I was 17 years old in this picture (1963). I don't know what the little box on the left edge of the picture is. I suspect it's a homebrew antenna tuner. Note the QSLs on the wall. And the WPE8DKN SWL diploma. Ah, youth!

Getting Serious: Hallicrafters S38E

Updated 25 July 2004

George Bull Young, my father, writing for the Kettering-Oakwood Times, ca 1967. Some time during the eighth grade, Mom bought me a copy of Hugo's Norwegian Simplified. She got me the book because Dad had often spoken of his mother's Nordic heritage & I saw the book as a chance to figure something else out: who I was.
    As I was learning Norwegian, I noticed how much it resembled English. It was the beginning of my interest in linguistics. I wanted to hear radio programs from distant places, and I knew this only happened on shortwave radio, about which I knew basically nothing.
   So I pestered my father some more and eventually he sprung some of his hard-earned cash for a brand new Hallicrafter's S38E radio.
    One of the first stations that I heard was Radio Australia, which I discovered one morning while Dad was getting ready for work. At the time, Radio Australia started its transmission with a bell chime version of "Marching Matilda." I had heard the song many times before.
    You see, back when I was a very small child, my father would sit me on his knee and sing "Waltzing Matilda" to me. At points in the song he would explain the different words. Swagman. Billabong. Kulibar trees. He also talked to me in a language that he had picked up during the war on the Soloman islands. The language was Tok Pijin. But more about that later.
    I got a lot out of that radio. I tuned in to Radio Havana and the Deutsche Welle, Radio Moscow and the Voice of America. I learned about languages that I had never known existed. I got preachments on every political system imaginable, and from a variety of viewpoints.
    By the time I was off to college, while my friends were trying to understand Karl Marx from classroom lectures, I already understood him.
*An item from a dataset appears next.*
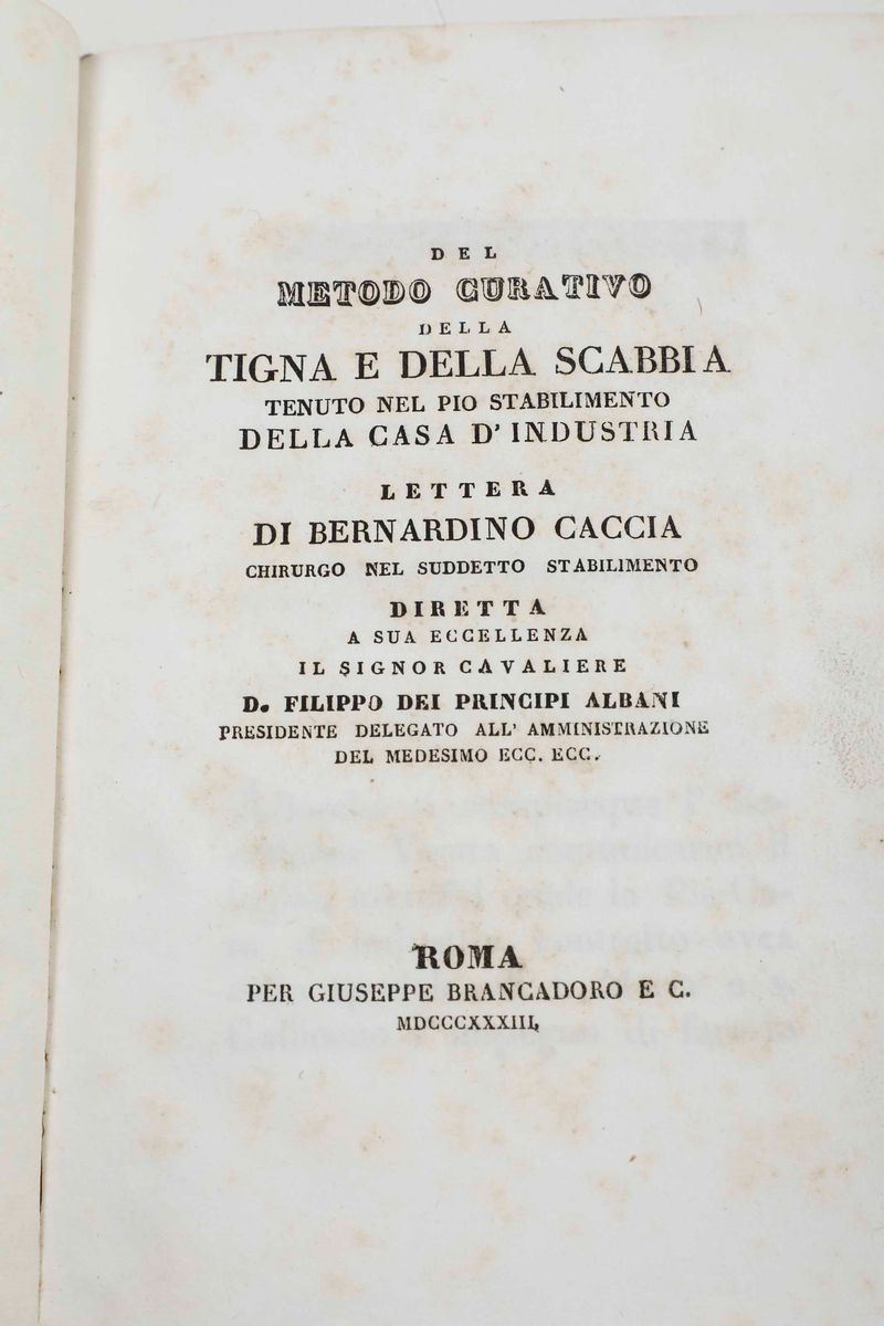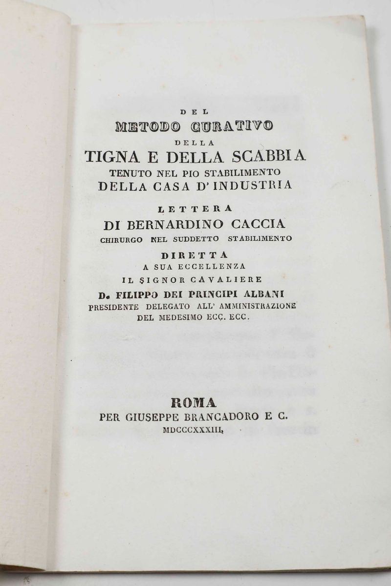 Del metodo curativo della tigna e della scabbia tenuto nel pio stabilimento della casa d’industria...Roma, Per Giuseppe Brancadoro E C., 1833
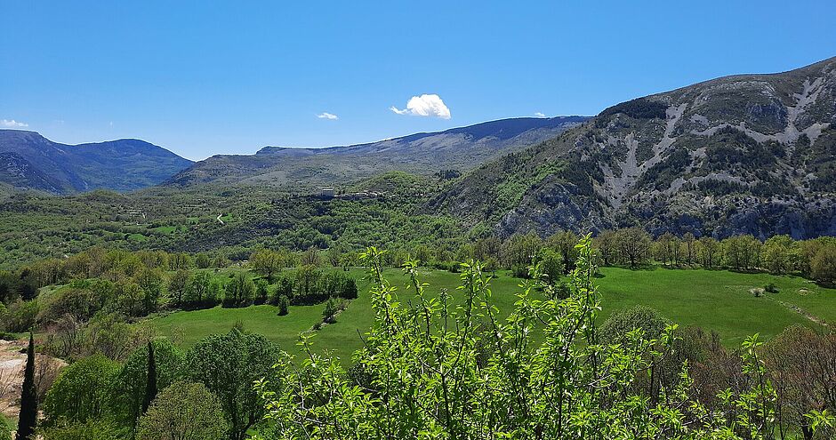 Sentier cheminant au travers du monde minéral de la montagne du Cheiron pour rejoindre le hameau de St Pons. Le regard se porte sur la vallée du Loup, les deux villages médiévaux de Cipières et Gréolières, et au loin sur la mer.

I'd listened to Fidel's speeches and Joe Adamov's explanations of Soviet society on Radio Moscow.
    Recently, my youngest son and I were sitting in the living room, listening to my modern, much more portable Sony ICF7600 receiver. It was morning and the conditions were perfect for listening to Radio Australia, which I found easily enough . . . transmitting their program in Tok Pijin.
    I felt as if my father were there in the early morning light of the living room, with me again. I could hear his voice singing "Waltzing Matilda" softly in the room around me . . . which leads to the next page.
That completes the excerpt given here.